» **YOUR GOAL**
Up to and including the line that contains "British Area N- Z", write out every line of the entries exactly, beginning with the first. Omit the pictures.

**** RECORDS FOR THE EXERCISE ****

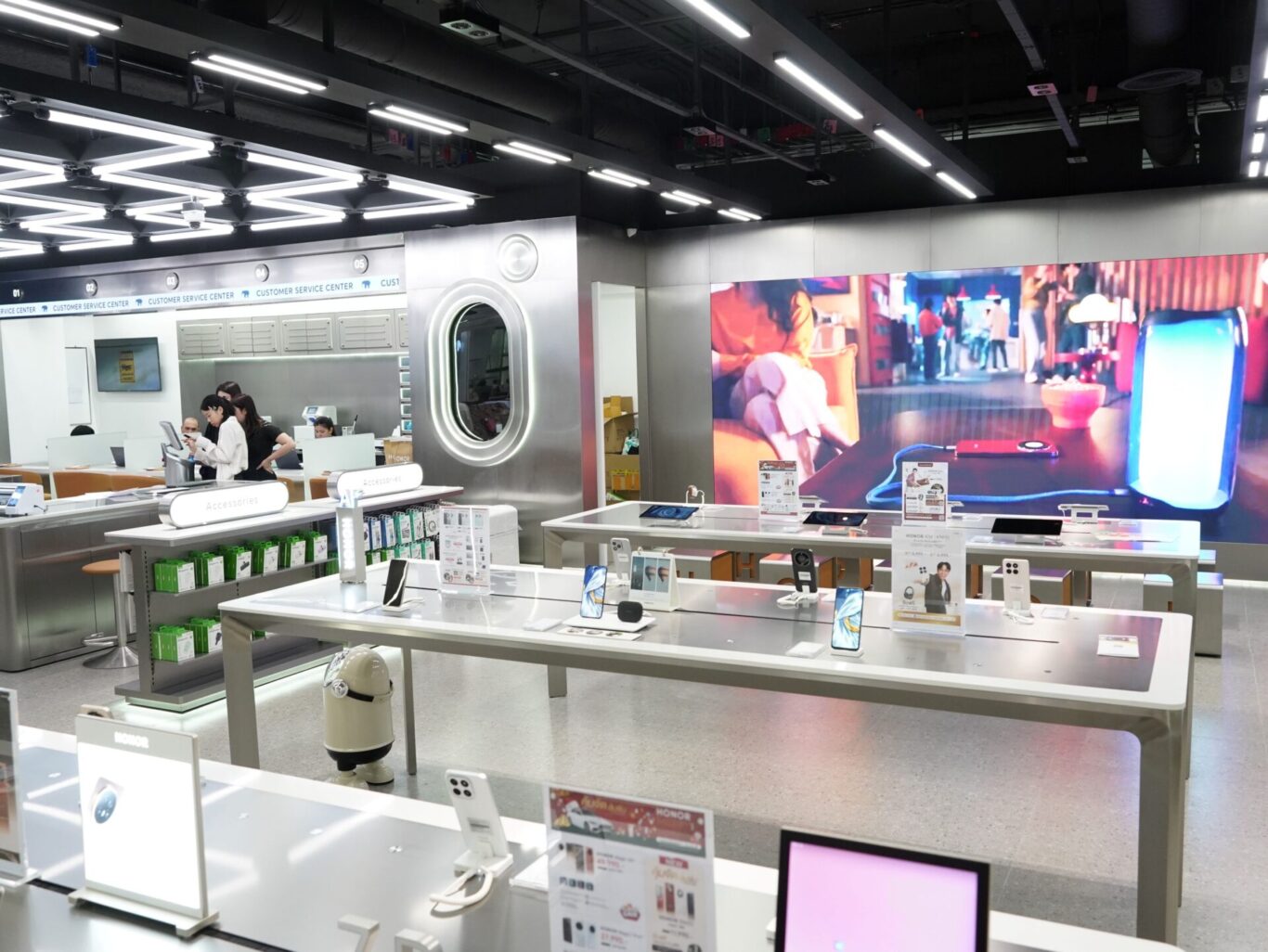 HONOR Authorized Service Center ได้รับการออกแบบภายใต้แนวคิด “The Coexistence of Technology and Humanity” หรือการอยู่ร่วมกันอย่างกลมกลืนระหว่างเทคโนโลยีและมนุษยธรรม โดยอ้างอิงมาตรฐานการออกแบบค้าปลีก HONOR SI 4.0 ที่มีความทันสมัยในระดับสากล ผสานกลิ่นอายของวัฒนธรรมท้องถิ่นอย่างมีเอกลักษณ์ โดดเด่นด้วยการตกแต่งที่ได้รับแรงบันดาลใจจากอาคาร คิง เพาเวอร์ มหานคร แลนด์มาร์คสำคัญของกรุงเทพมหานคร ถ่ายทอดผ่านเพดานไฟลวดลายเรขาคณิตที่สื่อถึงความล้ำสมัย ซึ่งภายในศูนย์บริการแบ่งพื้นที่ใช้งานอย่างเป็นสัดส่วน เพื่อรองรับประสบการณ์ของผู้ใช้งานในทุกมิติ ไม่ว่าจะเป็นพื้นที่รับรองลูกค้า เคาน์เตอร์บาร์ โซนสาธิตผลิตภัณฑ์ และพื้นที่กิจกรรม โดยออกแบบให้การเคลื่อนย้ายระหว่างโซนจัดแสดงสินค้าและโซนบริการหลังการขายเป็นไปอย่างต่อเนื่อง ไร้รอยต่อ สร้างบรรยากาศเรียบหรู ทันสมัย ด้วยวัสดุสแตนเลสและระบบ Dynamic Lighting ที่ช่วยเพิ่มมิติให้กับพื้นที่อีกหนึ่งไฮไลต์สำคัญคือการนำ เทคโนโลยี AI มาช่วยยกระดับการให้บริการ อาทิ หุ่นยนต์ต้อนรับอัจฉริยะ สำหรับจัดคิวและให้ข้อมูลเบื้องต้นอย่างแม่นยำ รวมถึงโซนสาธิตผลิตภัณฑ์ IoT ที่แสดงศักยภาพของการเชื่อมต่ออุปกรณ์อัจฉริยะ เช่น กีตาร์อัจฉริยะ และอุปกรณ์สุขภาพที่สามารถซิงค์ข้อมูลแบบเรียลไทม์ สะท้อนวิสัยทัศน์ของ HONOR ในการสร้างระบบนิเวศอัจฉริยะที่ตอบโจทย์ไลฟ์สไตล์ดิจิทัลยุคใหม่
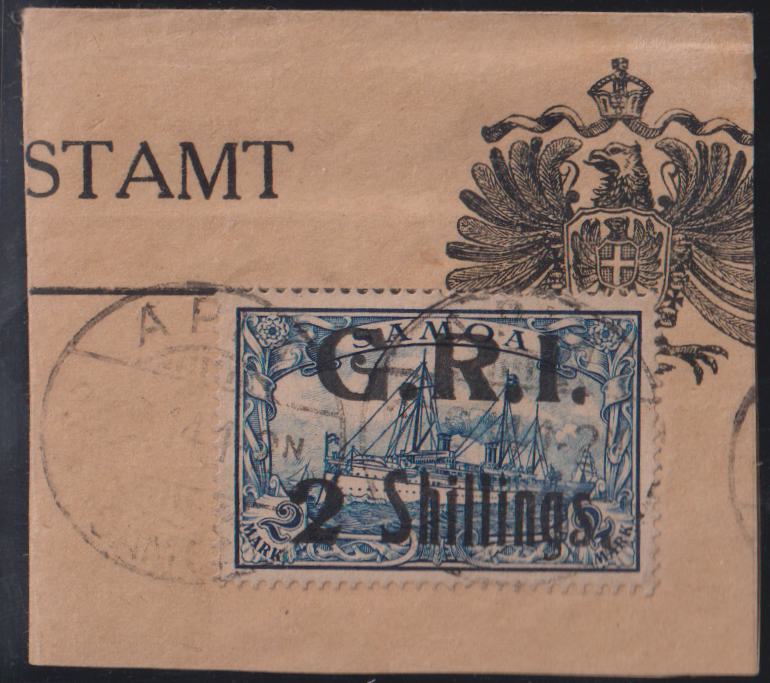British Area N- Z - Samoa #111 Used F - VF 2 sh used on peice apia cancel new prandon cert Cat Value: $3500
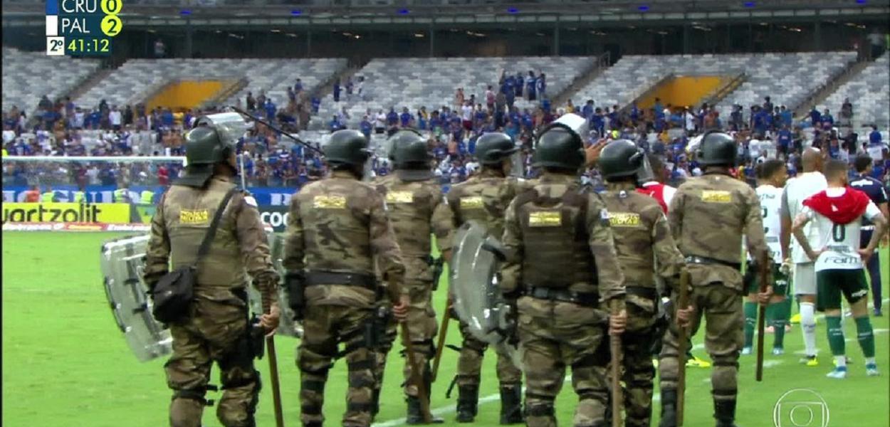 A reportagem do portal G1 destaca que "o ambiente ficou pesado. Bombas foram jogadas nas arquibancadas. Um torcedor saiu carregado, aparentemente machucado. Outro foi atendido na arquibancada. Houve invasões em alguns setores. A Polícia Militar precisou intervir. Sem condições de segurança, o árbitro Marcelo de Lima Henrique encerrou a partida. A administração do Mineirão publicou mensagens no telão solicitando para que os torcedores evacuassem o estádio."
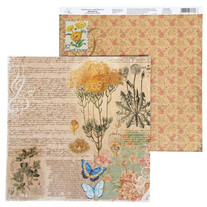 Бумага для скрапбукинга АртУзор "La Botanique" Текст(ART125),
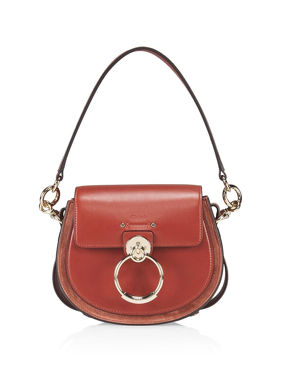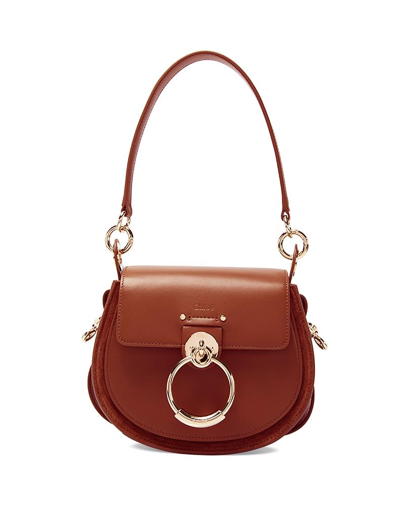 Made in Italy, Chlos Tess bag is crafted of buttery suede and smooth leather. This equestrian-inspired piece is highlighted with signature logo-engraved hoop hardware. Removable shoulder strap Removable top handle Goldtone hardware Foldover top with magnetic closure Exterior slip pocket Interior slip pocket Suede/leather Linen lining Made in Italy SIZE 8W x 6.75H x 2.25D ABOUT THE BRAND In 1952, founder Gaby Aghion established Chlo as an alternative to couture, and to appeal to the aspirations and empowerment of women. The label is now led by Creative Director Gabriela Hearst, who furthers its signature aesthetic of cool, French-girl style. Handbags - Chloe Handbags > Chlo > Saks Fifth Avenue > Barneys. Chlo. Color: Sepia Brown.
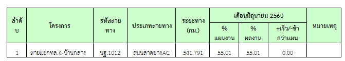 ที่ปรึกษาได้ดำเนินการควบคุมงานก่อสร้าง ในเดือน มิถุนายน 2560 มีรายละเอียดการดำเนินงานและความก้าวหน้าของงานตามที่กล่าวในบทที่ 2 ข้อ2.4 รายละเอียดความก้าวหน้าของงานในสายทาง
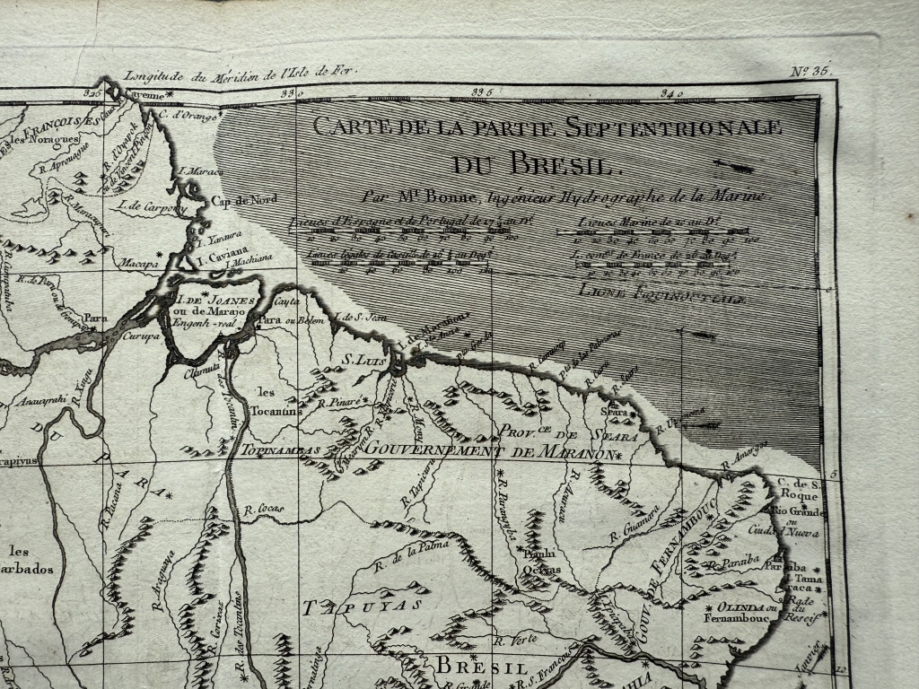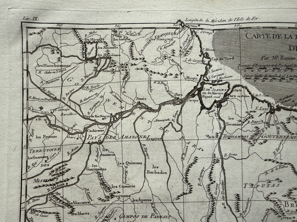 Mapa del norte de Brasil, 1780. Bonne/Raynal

****

» **TASK ANSWER**
 HONOR Authorized Service Center ได้รับการออกแบบภายใต้แนวคิด “The Coexistence of Technology and Humanity” หรือการอยู่ร่วมกันอย่างกลมกลืนระหว่างเทคโนโลยีและมนุษยธรรม โดยอ้างอิงมาตรฐานการออกแบบค้าปลีก HONOR SI 4.0 ที่มีความทันสมัยในระดับสากล ผสานกลิ่นอายของวัฒนธรรมท้องถิ่นอย่างมีเอกลักษณ์ โดดเด่นด้วยการตกแต่งที่ได้รับแรงบันดาลใจจากอาคาร คิง เพาเวอร์ มหานคร แลนด์มาร์คสำคัญของกรุงเทพมหานคร ถ่ายทอดผ่านเพดานไฟลวดลายเรขาคณิตที่สื่อถึงความล้ำสมัย ซึ่งภายในศูนย์บริการแบ่งพื้นที่ใช้งานอย่างเป็นสัดส่วน เพื่อรองรับประสบการณ์ของผู้ใช้งานในทุกมิติ ไม่ว่าจะเป็นพื้นที่รับรองลูกค้า เคาน์เตอร์บาร์ โซนสาธิตผลิตภัณฑ์ และพื้นที่กิจกรรม โดยออกแบบให้การเคลื่อนย้ายระหว่างโซนจัดแสดงสินค้าและโซนบริการหลังการขายเป็นไปอย่างต่อเนื่อง ไร้รอยต่อ สร้างบรรยากาศเรียบหรู ทันสมัย ด้วยวัสดุสแตนเลสและระบบ Dynamic Lighting ที่ช่วยเพิ่มมิติให้กับพื้นที่อีกหนึ่งไฮไลต์สำคัญคือการนำ เทคโนโลยี AI มาช่วยยกระดับการให้บริการ อาทิ หุ่นยนต์ต้อนรับอัจฉริยะ สำหรับจัดคิวและให้ข้อมูลเบื้องต้นอย่างแม่นยำ รวมถึงโซนสาธิตผลิตภัณฑ์ IoT ที่แสดงศักยภาพของการเชื่อมต่ออุปกรณ์อัจฉริยะ เช่น กีตาร์อัจฉริยะ และอุปกรณ์สุขภาพที่สามารถซิงค์ข้อมูลแบบเรียลไทม์ สะท้อนวิสัยทัศน์ของ HONOR ในการสร้างระบบนิเวศอัจฉริยะที่ตอบโจทย์ไลฟ์สไตล์ดิจิทัลยุคใหม่
British Area N- Z - Samoa #111 Used F - VF 2 sh used on peice apia cancel new prandon cert Cat Value: $3500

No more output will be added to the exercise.